-------- Records to process --------
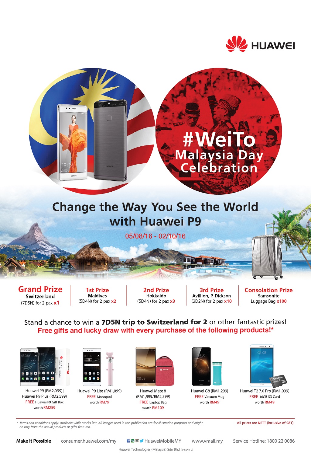 With the Merdeka and Malaysia Day celebration approaching, Huawei Malaysia will be running a special promotion – #WeiTo Malaysia Day Celebration promotion offering its customers more value with premium gifts upon their purchase of selected Huawei devices. The details for the promotion is as below:
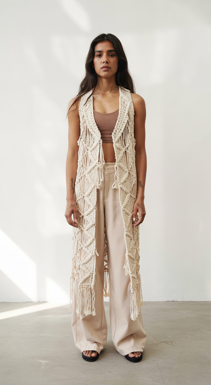 This fashionable outfit mixes a custom-made macrame vest with its eye-catching woven patterns to elevate the look. Wearing the athletic-style ribbed top with flowy wide-leg pants underneath the macrame vest makes this outfit perfect for casual summer living. The extended and fringed design of the vest gives the outfit a soft and camping-inspired appeal while maintaining a fresh and lovely look. The outfit appeals to individuals who prefer natural tones while pursuing the bohemian appeal of 2025 street fashion.
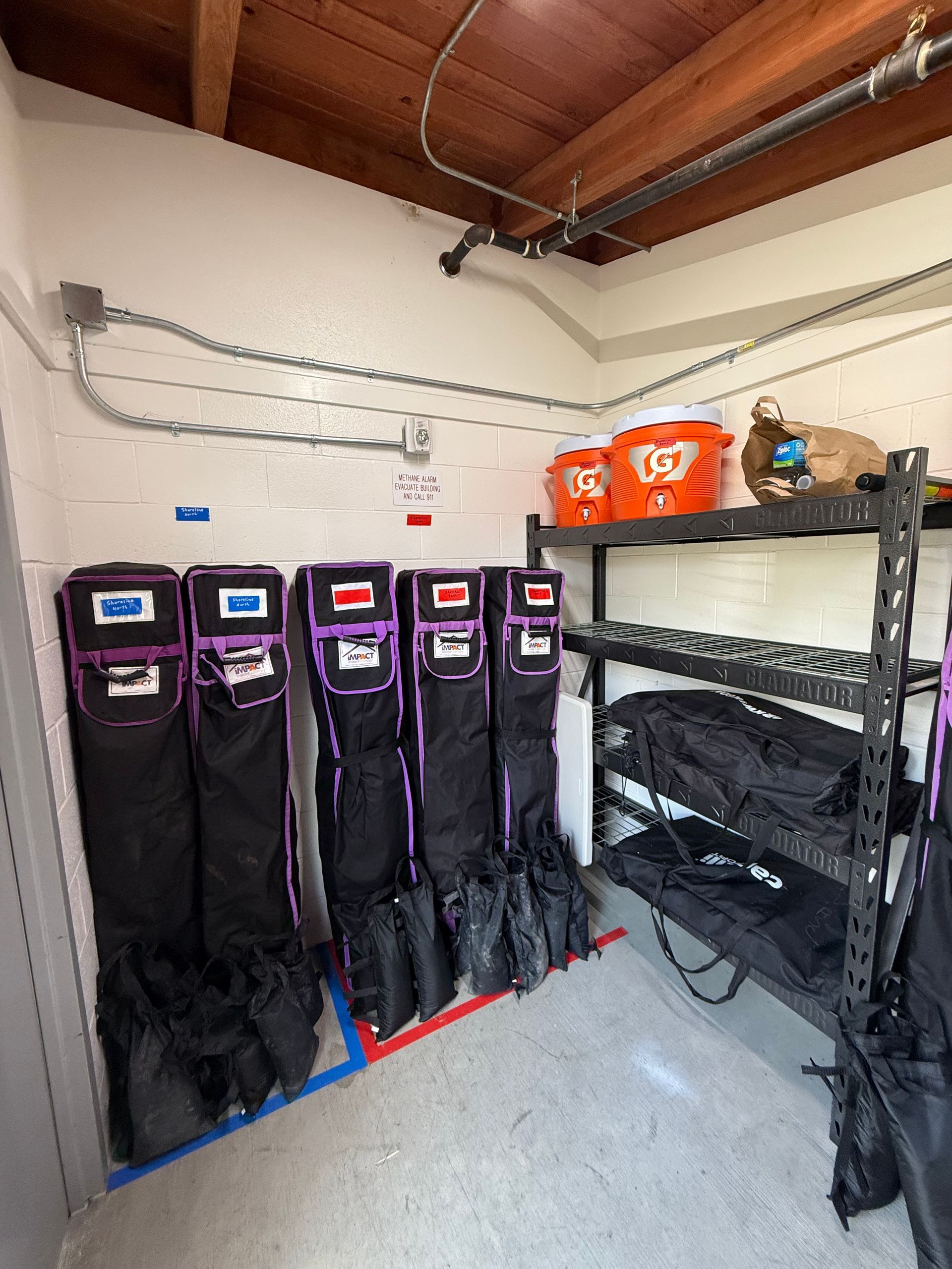 - Return the corner flags, turf bases and goal anchor weights to the Shoreline shared storage room using the procedure above and ensure that the room is LOCKED. See “Setup” instructions on how to obtain the key.
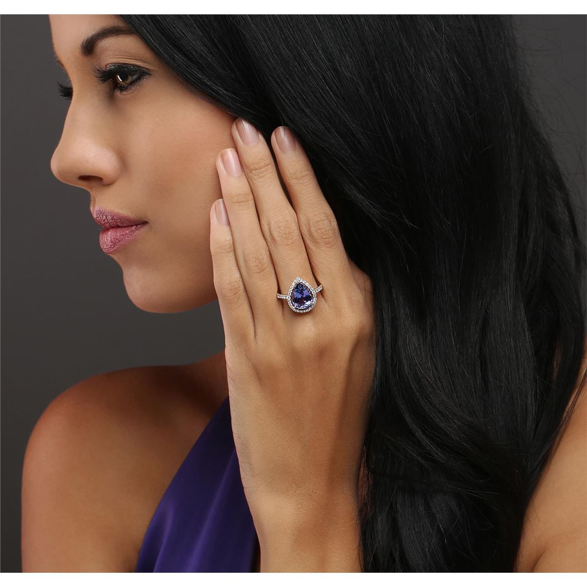One electronically tested 14KT yellow gold ladies combination cast & assembled tanzanite and diamond ring with a flat shank with a bright polish finish. Identified with markings of "14K". Condition is new. Containing: One prong set pear modified brilliant cut natural tanzanite, measuring 11.00 x 8.70 x 4.36mm, approximate weight of 2.80ct., clarity is eye clean, type I, medium, very slightly grayish, violet color, (GIA V 5/3), cut is good. Thirty-Six prong set round brilliant cut diamonds, measuring 1.80 - 1.50 x 0.99mm (depth est.) approximate total weight of 36 Stones = 0.50ct. Clarity: SI-2 to I-2. Color: I - J, Cut is Good. Colored gemstones are presumed to have been subjected to commonly used enhancement processes. All diamonds and colored gemstones are graded in the mounting, unless otherwise stated. Total Weight of Colored Stones 2.80ct. Total Weight of Diamonds 0.50ct. Total Weight of Ring 3.80 grams. GGL Appraised at $6,075.00.
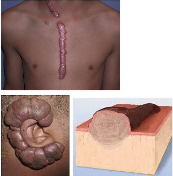 通常是在皮膚緊的地方(前胸,背部,耳,上臂)容易發生,患者會有痛、癢的症狀。形狀常常是不規則隆起紅色的疤痕。
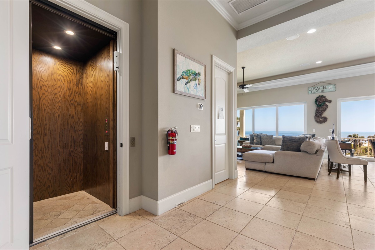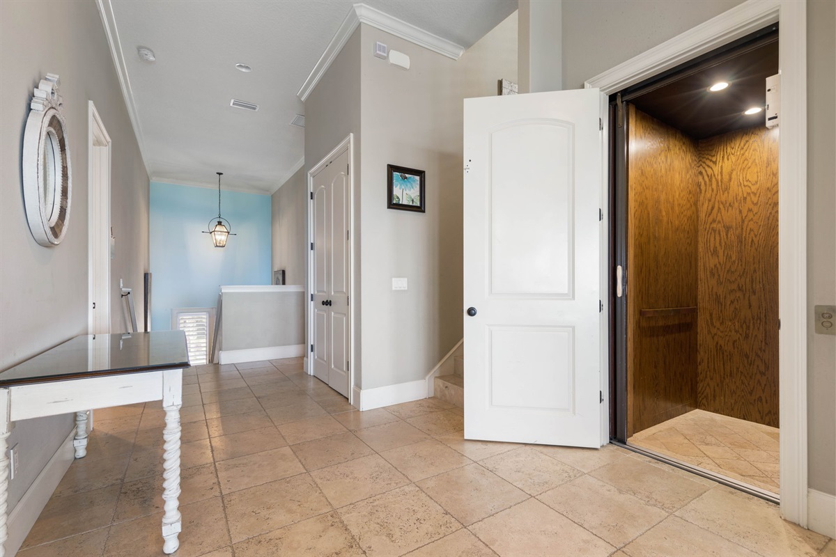• The home features stairs between levels, but an elevator is available for convenience.
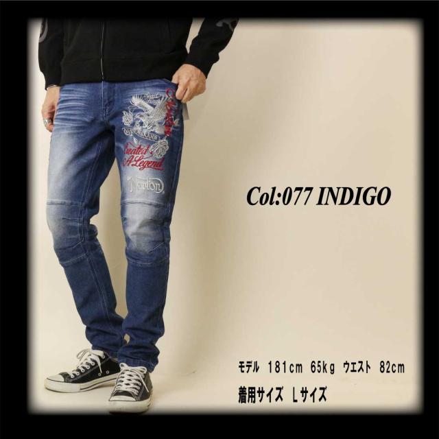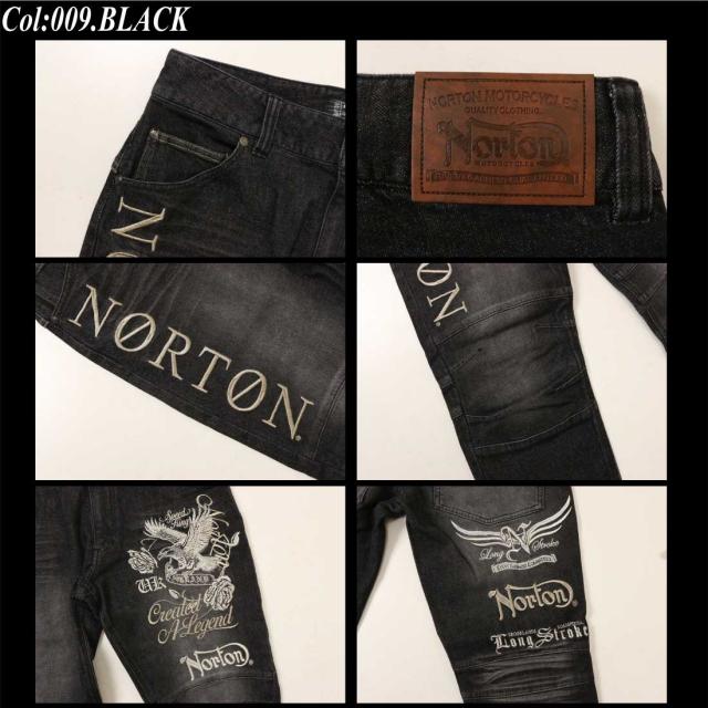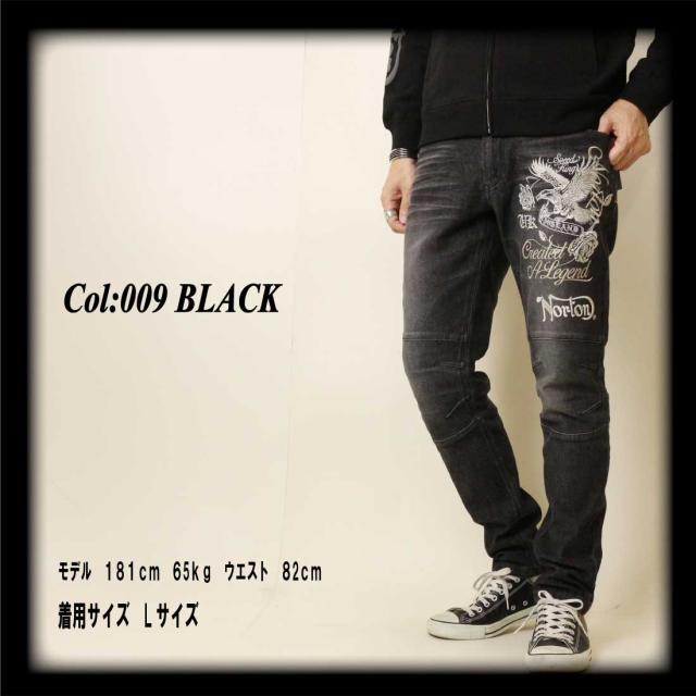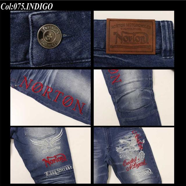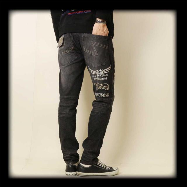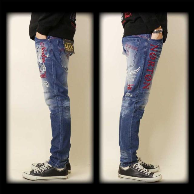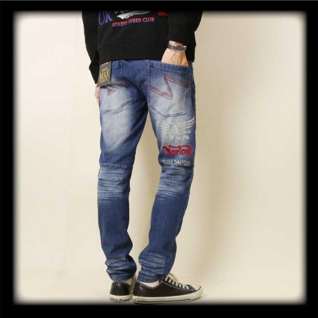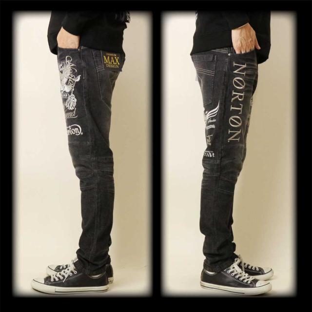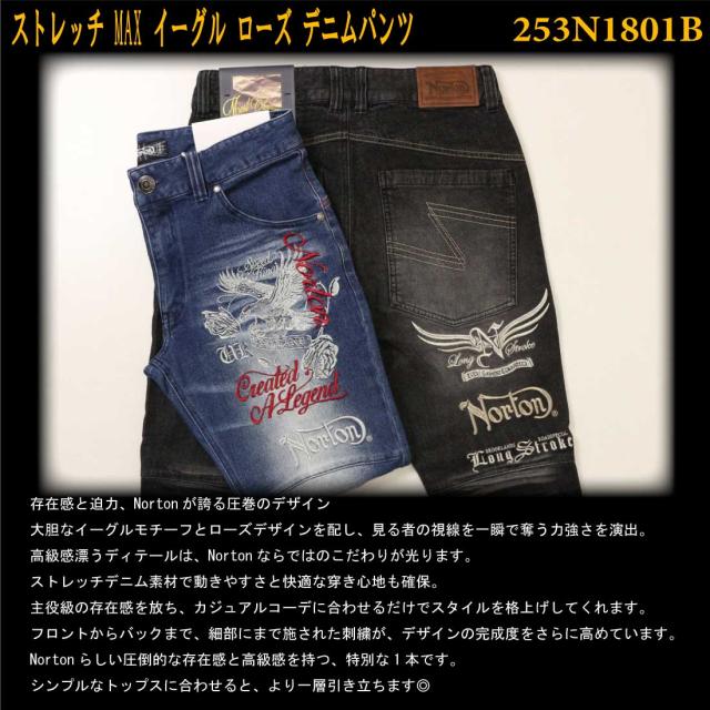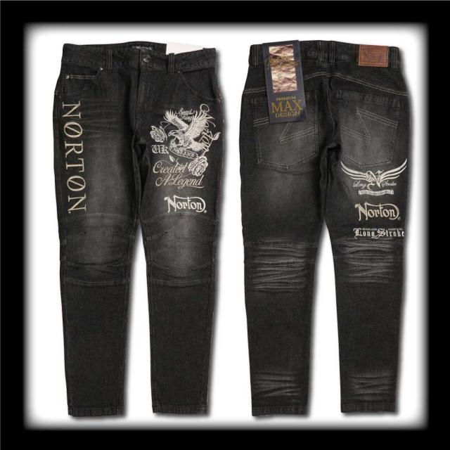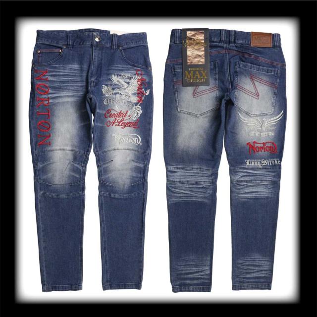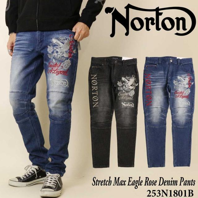 Norton ノートン 服 ジーンズ デニム パンツ 253N1801B ストレッチ MAX イーグル ローズ デニムパンツ ロゴ 刺繍 メンズ アメカジ バイカー
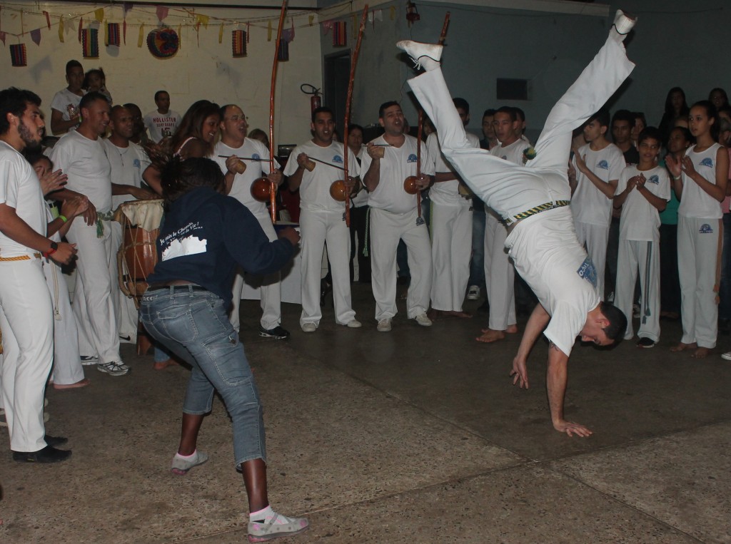 Teve também os franceses aprendendo capoeira e participando do Arraial da Paróquia Santos Apóstolos”.
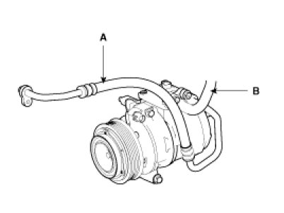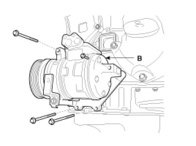 5. Remove the bolts, then disconnect the suction line (A) and discharge line (B) from the compressor. Plug (C) or cap the lines immediately after disconnecting them to avoid moisture and dust contamination.
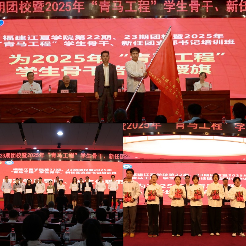 开班式上,王长勇向新一期“青马工程”大学生骨干培训班授旗。宣传部负责人宣读了学员导师、班主任名单。校团委负责人宣读了《关于授予福建江夏学院第20、21期团校暨“青马工程”学生骨干、新任团支部书记培训班学员结业证书并表彰“优秀学员”的决定》。现场为学员导师、班主任颁发聘书,并向学员代表赠送《习近平与大学生朋友们》(第一、二卷)。
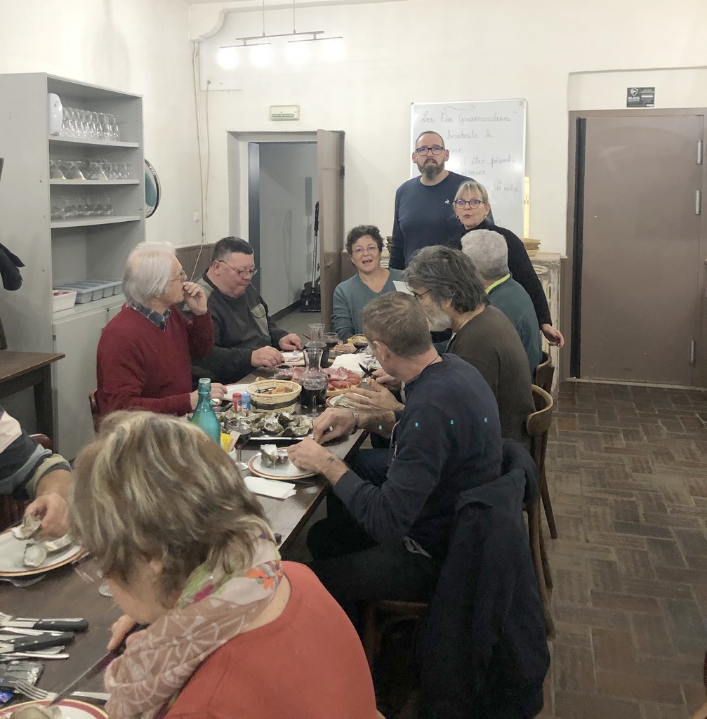 Le vendredi 30 décembre, si le hasard vous a conduit à rentrer aux Fées Gourmandises pour boire un petit café ou acheter votre journal, vous avez peut-être été retenus pour déguster des huîtres et autres victuailles. En effet, Maureen et Nicolas avaient décidé de marquer de façon conviviale et informelle les presque 1 an de reprise du commerce. C’est ainsi que se sont retrouvés les habitués du comptoir et les gais lurons du village.
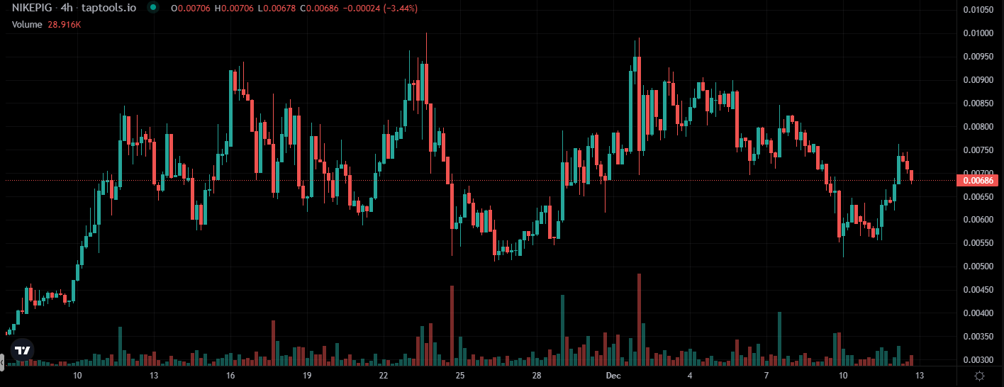 Особых новостей, как уже было сказано, по своим каналам коммуникации распространять не приходится. Самое резонансное, что случалось с мем коином Nike случилось в июне 2024-го года, когда он вышел. Некоторых, в том числе Чарльз Хоскинсон, удивило то, что проект начал существовать и за короткое время, 12-ть часов, стала стоить практически один миллион долларов. Это бросило вызов на тот момент самой популярной в экосистеме Cardano валюте SNEK. Сейчас курс Nike коин составляет $0,00685.
--------
* _Assignment_:
Write down all the entries exactly, but not the pictures they hold.

* _Your solution_:
 With the Merdeka and Malaysia Day celebration approaching, Huawei Malaysia will be running a special promotion – #WeiTo Malaysia Day Celebration promotion offering its customers more value with premium gifts upon their purchase of selected Huawei devices. The details for the promotion is as below:
 This fashionable outfit mixes a custom-made macrame vest with its eye-catching woven patterns to elevate the look. Wearing the athletic-style ribbed top with flowy wide-leg pants underneath the macrame vest makes this outfit perfect for casual summer living. The extended and fringed design of the vest gives the outfit a soft and camping-inspired appeal while maintaining a fresh and lovely look. The outfit appeals to individuals who prefer natural tones while pursuing the bohemian appeal of 2025 street fashion.
 - Return the corner flags, turf bases and goal anchor weights to the Shoreline shared storage room using the procedure above and ensure that the room is LOCKED. See “Setup” instructions on how to obtain the key.
One electronically tested 14KT yellow gold ladies combination cast & assembled tanzanite and diamond ring with a flat shank with a bright polish finish. Identified with markings of "14K". Condition is new. Containing: One prong set pear modified brilliant cut natural tanzanite, measuring 11.00 x 8.70 x 4.36mm, approximate weight of 2.80ct., clarity is eye clean, type I, medium, very slightly grayish, violet color, (GIA V 5/3), cut is good. Thirty-Six prong set round brilliant cut diamonds, measuring 1.80 - 1.50 x 0.99mm (depth est.) approximate total weight of 36 Stones = 0.50ct. Clarity: SI-2 to I-2. Color: I - J, Cut is Good. Colored gemstones are presumed to have been subjected to commonly used enhancement processes. All diamonds and colored gemstones are graded in the mounting, unless otherwise stated. Total Weight of Colored Stones 2.80ct. Total Weight of Diamonds 0.50ct. Total Weight of Ring 3.80 grams. GGL Appraised at $6,075.00.
 通常是在皮膚緊的地方(前胸,背部,耳,上臂)容易發生,患者會有痛、癢的症狀。形狀常常是不規則隆起紅色的疤痕。
• The home features stairs between levels, but an elevator is available for convenience.
 Norton ノートン 服 ジーンズ デニム パンツ 253N1801B ストレッチ MAX イーグル ローズ デニムパンツ ロゴ 刺繍 メンズ アメカジ バイカー
 Teve também os franceses aprendendo capoeira e participando do Arraial da Paróquia Santos Apóstolos”.
 5. Remove the bolts, then disconnect the suction line (A) and discharge line (B) from the compressor. Plug (C) or cap the lines immediately after disconnecting them to avoid moisture and dust contamination.
 开班式上,王长勇向新一期“青马工程”大学生骨干培训班授旗。宣传部负责人宣读了学员导师、班主任名单。校团委负责人宣读了《关于授予福建江夏学院第20、21期团校暨“青马工程”学生骨干、新任团支部书记培训班学员结业证书并表彰“优秀学员”的决定》。现场为学员导师、班主任颁发聘书,并向学员代表赠送《习近平与大学生朋友们》(第一、二卷)。
 Le vendredi 30 décembre, si le hasard vous a conduit à rentrer aux Fées Gourmandises pour boire un petit café ou acheter votre journal, vous avez peut-être été retenus pour déguster des huîtres et autres victuailles. En effet, Maureen et Nicolas avaient décidé de marquer de façon conviviale et informelle les presque 1 an de reprise du commerce. C’est ainsi que se sont retrouvés les habitués du comptoir et les gais lurons du village.
 Особых новостей, как уже было сказано, по своим каналам коммуникации распространять не приходится. Самое резонансное, что случалось с мем коином Nike случилось в июне 2024-го года, когда он вышел. Некоторых, в том числе Чарльз Хоскинсон, удивило то, что проект начал существовать и за короткое время, 12-ть часов, стала стоить практически один миллион долларов. Это бросило вызов на тот момент самой популярной в экосистеме Cardano валюте SNEK. Сейчас курс Nike коин составляет $0,00685.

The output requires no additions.